What is Megaphone?

What is Megaphone?
The Megaphone project is about enhancing open source chat software. Specifically, the goal is to allow ejabberd to support 1,000,000 simultaneous users. See The Plan page for more details on how I plan to solve this problem. See the About this Blog page for more details on why I created this blog.

The Plan

Ejabberd is a chat system like Yahoo! Instant Messenger, Microsoft Messenger or AOL Instant Messenger.  The difference is that ejabberd is not tied to any particular company and anybody can set up their own chat system using the server.

As of this writing, ye basic ejabberd requires about 100kB per user hosted.  This works just fine until you start getting hundreds of thousands of users on the system.  For 1,000,000 users, this means that you will need around 100GB of memory --- possible but not what I would call a "commodity system."

The plan is to use a library called libevent to handle the TCP connections and then multiplex all the users over a single TCP connection to ejabberd.  This would require
  • a libevent module
  • an ejabberd module
The libevent module would handle up to about 1,000,000 connections and multiplex them onto a single TCP connection to the ejabberd server.

I was originally planning to use a program called node-xmpp-bosh (NXB) to handle the TCP & HTTP connections, but after some work with it, I came to the conclusion that the additional complexity created by the BOSH server logic made this more effort than it was worth.  I have since decided to create my own, simplified nodejs program called the ejabberd connection manager (ECM).

The ejabberd server would demux the connection into individual sessions, and then treat each of them as a regular XMPP connection.  This part will likely be based on the http_bind module that currently comes with ejabberd, since that module has to deal with something other than a straight XMPP connection.

ejabberd and ECM would communicate by sending packets back and forth that have the form:

    <packet length>|<connection ID>|<content>

Where <packet length> is a zero padded, 10 digit integer value that represents the number of bytes in the packet, including the header.  This is needed so that either side can figure out where one packet ends and the next begins without having to rely on parsing the request.  A participant reads in the first 10 bytes, converts it into an integer and then reads in the rest of the packet.

The <connection ID> is a zero padded, 20 digit integer value that tells the participant who the packet is bound for or who it is from.  This is required because we are multiplexing many connections over a single data stream,

The <content> part of the packet is an arbitrary sized, arbitrary content block of data.  While BOSH may put requirements on how this field is formatted, ECM knows nothing about such requirements and does not enforce them.

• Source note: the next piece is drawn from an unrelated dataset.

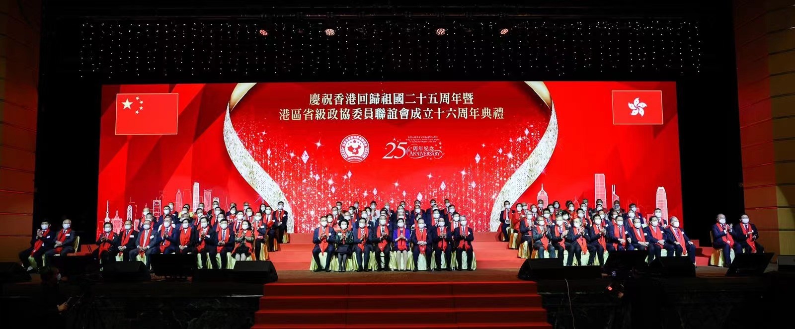 香港中通社6月16日電 港區省級政協委員聯誼會(聯誼會)16日晚舉行“慶祝香港回歸祖國25周年暨聯誼會成立16周年典禮”,逾千名嘉賓與會員一同見證。 當日晚上,一眾主禮嘉賓在銀樂隊的伴奏下列隊進場,慶典在全場奏唱國歌的激昂歌聲中拉開序幕。大會首先播放回顧視頻,重溫聯誼會發展歷程。 全國政協副主席梁振英、香港特區行政長官林鄭月娥、香港特區候任行政長官李家超、香港中聯辦副主任譚鐵牛、駐港公署特派員劉光源、駐港維護國家安全公署副署長孫青野、香港特區政府財政司司長陳茂波、律政司司長鄭若驊等蒞臨主禮。

Currently, here are the steps that I see being required to complete this project:
  1. Create ECM
    1. Create the portion that deals with client requests
      1. Create code that reads in the HTTP POST requests.
      2. Create code that packages the request into a format that includes a connection number.
    2. Create the portion that deals with server responses
      1. Create code that accepts responses from the server.
      2. Create code that routes responses to the proper exchange.
  2. Create a new ejabberd module
    1. Create the portion that deals with requests
      1. Determine how to send a packet of data from ECM so that it looks like something coming from HTTP.
      2. Modify the existing BOSH module to "remember" the connection ID when responding.
    2. Create the portion that deals with responses
      1. Create code that formats the response into an ECM packet.
      2. Determine how the ejabberd BOSH module responds to requests.
      3. Modify the response process to use ECM instead of HTTP.
What's All This Then?
This page defines the overall plan to realize the megaphone project.  On a more practical level, it identifies the next step to be taken in order to advance the project.

The purpose of this page is to keep the author on track with regards to what is going on and to hopefully goad him into taking action.